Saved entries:
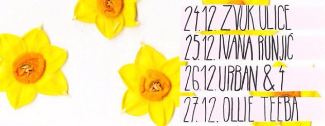 24.12. (srijeda) večer DJ rezidenta Zvuk ulice, 25.12. (četvrtak) Voodoo jukebox ft. Ivana Runjić, 26.12. (petak) Urban & 4, a 27.12. (subota) je rezerviran za Judin experiment i Ollie Teeba from HERBALISER.
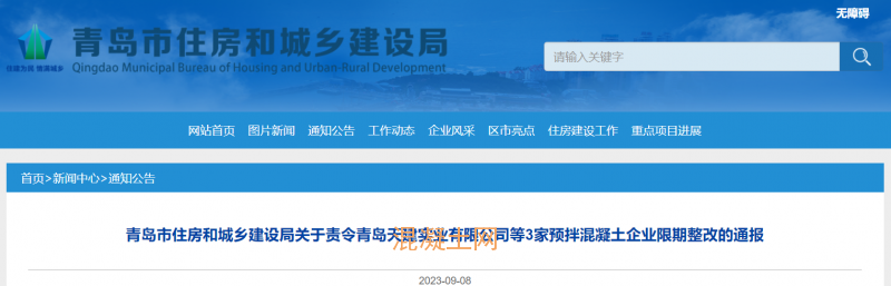 近日,青島市住房和城鄉建設局發布關于責令青島天建實業有限公司等3家預拌混凝土企業限期整改的通報,全文如下:
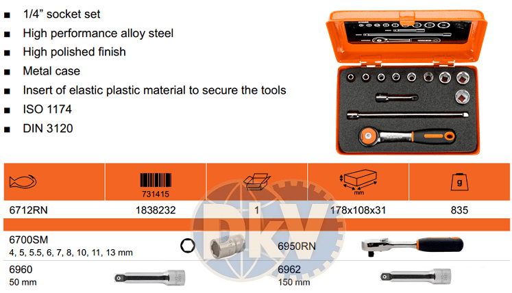 Bộ khẩu Bahco 6712RN, Bahco socket set 6712RN có 12 chi tiết, size khẩu đầu vào 1/4", đóng trong hộp thép, chuyên dùng để siết/vặn bulong, đai ốc, vít trong công nghiệp.Các chi tiết trong bộ khẩu Bahco 6712RN gồm:
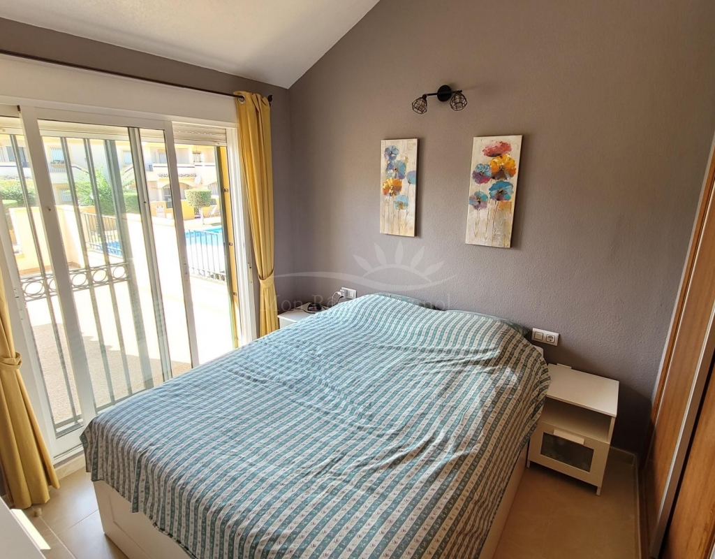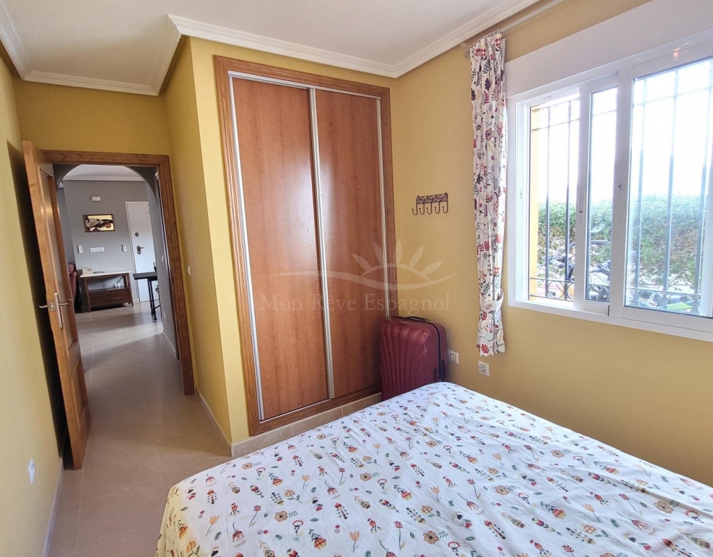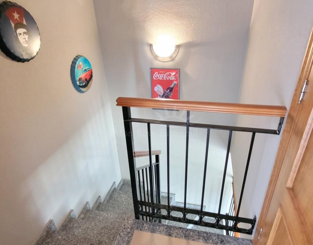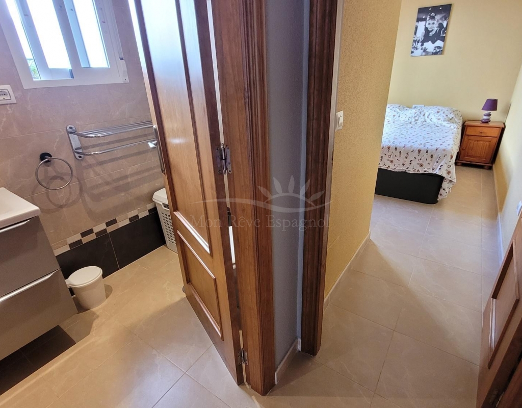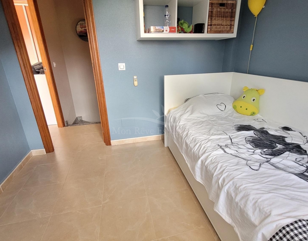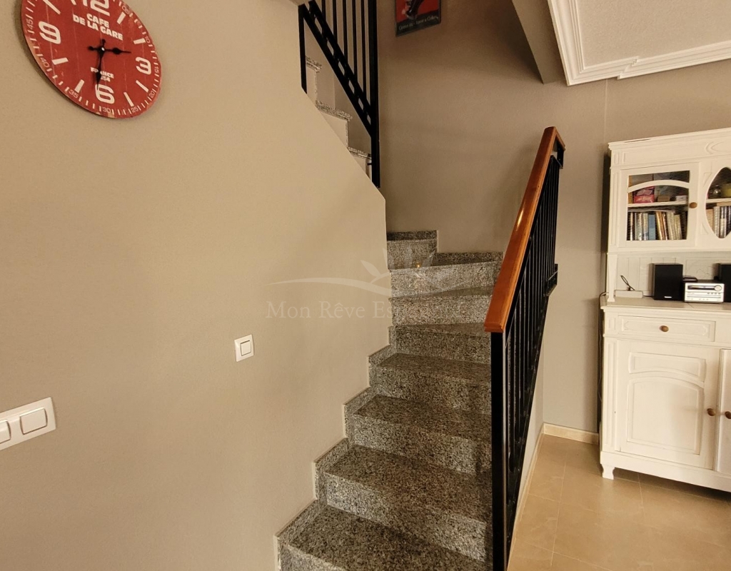 From the living room, a staircase leads upstairs to two bedrooms. One of these bedrooms is an en-suite, with its own bathroom and direct access to a sunny terrace offering stunning views of the park and the communal pool.
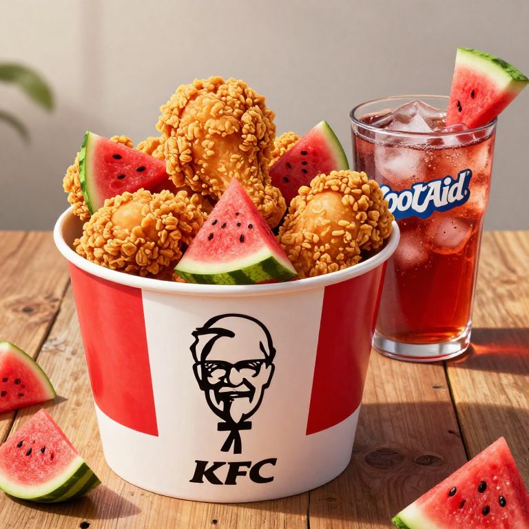 KFC Kool Aid Watermelon fusion food art featuring a stylized bucket of crispy fried chicken infused with watermelon patterns, a glass of Kool Aid with watermelon garnish, set on a rustic wooden table under bright sunlight, hyper-detailed digital painting.
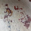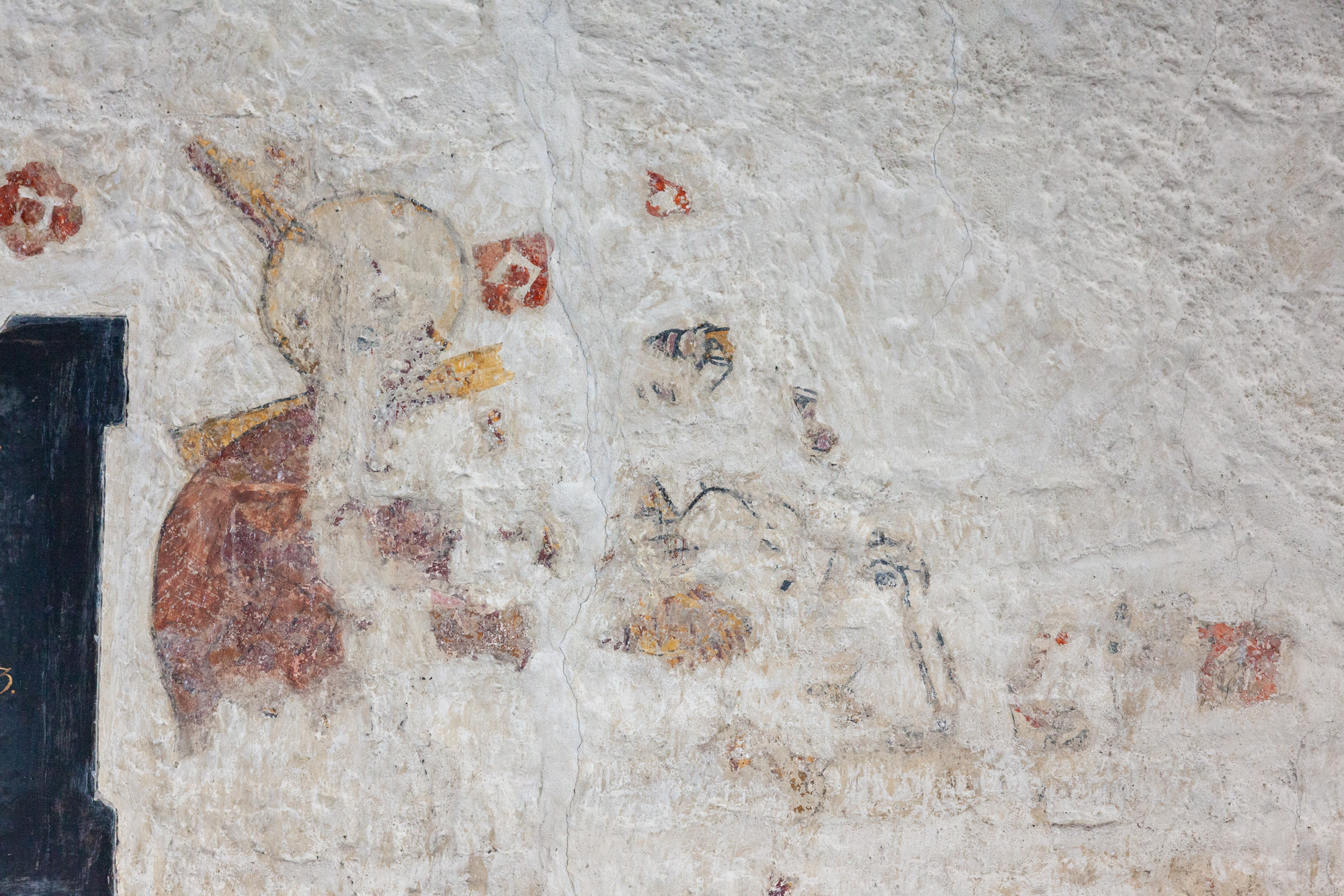 To fragmenter på vestvæggens nordside kan tydes. Øverst ses Korsbæringen. Udfor Jesu hoved ses en hånd fra en bøddel, som holder en stok.

TASK TO CARRY OUT: Reproduce every record in full. Leave out the images.

THE COMPLETED TASK:
 24.12. (srijeda) večer DJ rezidenta Zvuk ulice, 25.12. (četvrtak) Voodoo jukebox ft. Ivana Runjić, 26.12. (petak) Urban & 4, a 27.12. (subota) je rezerviran za Judin experiment i Ollie Teeba from HERBALISER.
 近日,青島市住房和城鄉建設局發布關于責令青島天建實業有限公司等3家預拌混凝土企業限期整改的通報,全文如下:
 Bộ khẩu Bahco 6712RN, Bahco socket set 6712RN có 12 chi tiết, size khẩu đầu vào 1/4", đóng trong hộp thép, chuyên dùng để siết/vặn bulong, đai ốc, vít trong công nghiệp.Các chi tiết trong bộ khẩu Bahco 6712RN gồm:
 From the living room, a staircase leads upstairs to two bedrooms. One of these bedrooms is an en-suite, with its own bathroom and direct access to a sunny terrace offering stunning views of the park and the communal pool.
 KFC Kool Aid Watermelon fusion food art featuring a stylized bucket of crispy fried chicken infused with watermelon patterns, a glass of Kool Aid with watermelon garnish, set on a rustic wooden table under bright sunlight, hyper-detailed digital painting.
 To fragmenter på vestvæggens nordside kan tydes. Øverst ses Korsbæringen. Udfor Jesu hoved ses en hånd fra en bøddel, som holder en stok.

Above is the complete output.